How Community Fibre embraced omnichannel CX with AWS
London’s full-fiber broadband provider has rewired its communications channels at scale
Community Fibre is London’s largest alt-net and provides 100% full-fiber broadband in competition with larger players such as Virgin Media O2 (VMO2) and BT. With a goal to provide full-fiber connectivity to 2.2 million businesses and homes by the end of 2024, it had to rapidly expand its network as well as its customer service operations.
With this aim in mind, the firm partnered with AWS to deliver its customer service operations via Amazon Connect, the cloud-based contact center solution.
Community Fibre CIO Chris Williams is bullish on the firm’s performance so far, saying it continues to move at a pace and enjoys a 4.9-star rating on Trustpilot.
“Having that focus on London means that we can probably do things in a slightly different way to our competition, certainly the bigger alt-nets, and the VMO2s, the BTs, that are far more geographically spread,” he tells ITPro.
Opting for AWS against the odds
In the 18 months since he joined Community Fibre, the company has transformed sixteen areas in need of an overhaul, thanks in no small part to assistance from AWS. Despite the partnership bearing fruit, Williams tells ITPro it wasn’t a shoe-in when Community Fibre first began its search for a partner.
“We did a big scan of the market, if I’m honest. Coming from BT, EE, there’ve been particular vendors I would have traditionally used in that space.”

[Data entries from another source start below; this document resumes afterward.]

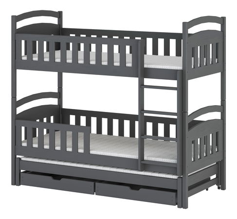 Annett je vysoká patrová postel vhodná zejména pro děti. Postel má tři lůžka – dvě lůžka mají ochranné bariéry a třetí lůžko se nachází pod spodním lůžkem. Postel je vhodná i do menších pokojů, kde potřebujete ušetřit prostor. Výška od země po horní lůžko je 135 cm, výška od země po spodní lůžko je 50 cm a výška od země po třetí lůžko je 35 cm. Postel je vyrobena z dřevěných prken. Použité barvy jsou ekologické a splňují potřebné certifikáty. K dispozici je také praktický úložný prostor v podobě dvou zásuvek.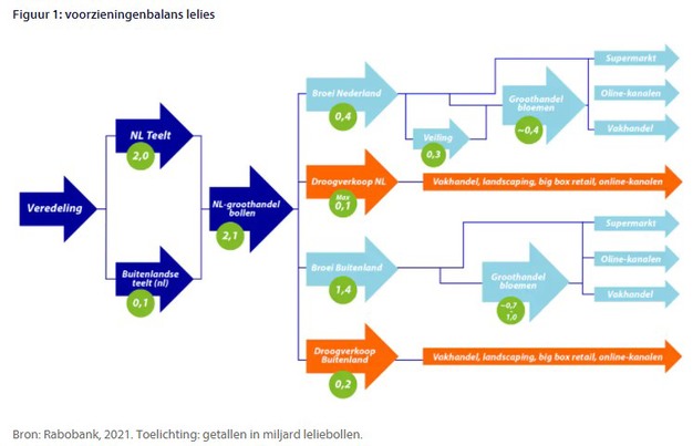 The area with deliverable bulbs in 2021 has increased about 10% from 3,787 hectares in 2020 to 4,175 hectares in 2021 (source: BKD). Because cultivation results of the lilies in 2021 were below average, the consequences of this area increase were not yet visible. Finally, the Dutch lily sector leads the world with 85% of the global supply. Figure 1 shows the supply balance for the lily sector. An increase in the cultivated area in the Netherlands therefore directly affects the supply on the world market. This makes Dutch companies in the lily sector each other's biggest competitor.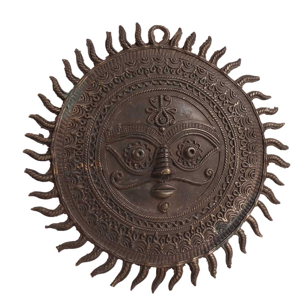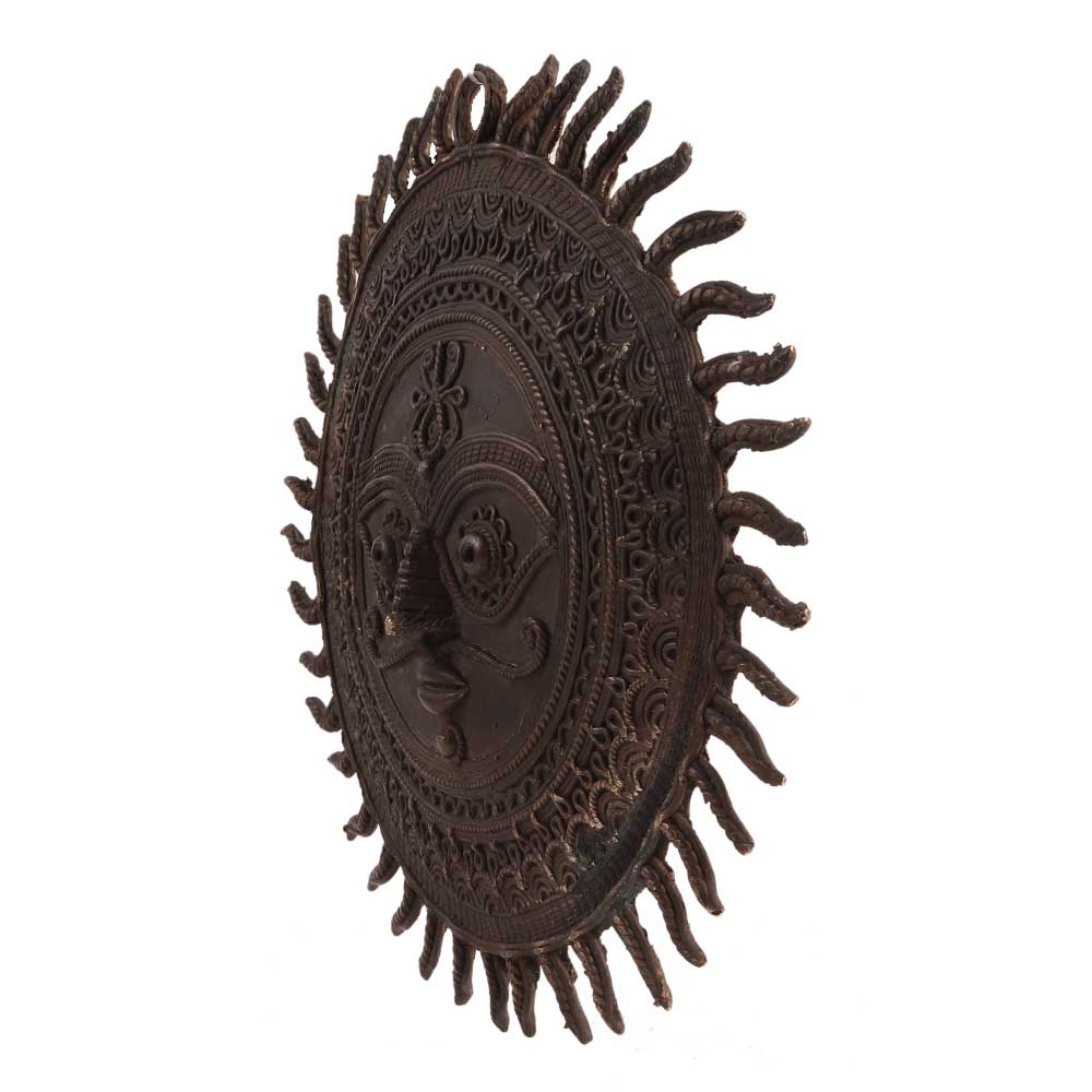 This brass sun wall hanging is an antique handmade piece by artisans that was primarily used as door decor. A lovely and elegant brass wall hanging with a personification of the Sun in the centre. This is the ideal Valentine's Day gift, special event, wedding, or house warming party gift, wall hanging, contemporary home decor, and many other occasions.

Prior to his role at Community Fibre, Williams worked for five years as technology director for sales and service at BT, and nine years as director of IT service management at EE. Both roles prepared him for large call center implementations. At BT, one of the last projects he undertook was to deliver work-from-home capabilities to BT’s entire agent workforce, a massive undertaking that required large–scale application of existing technologies.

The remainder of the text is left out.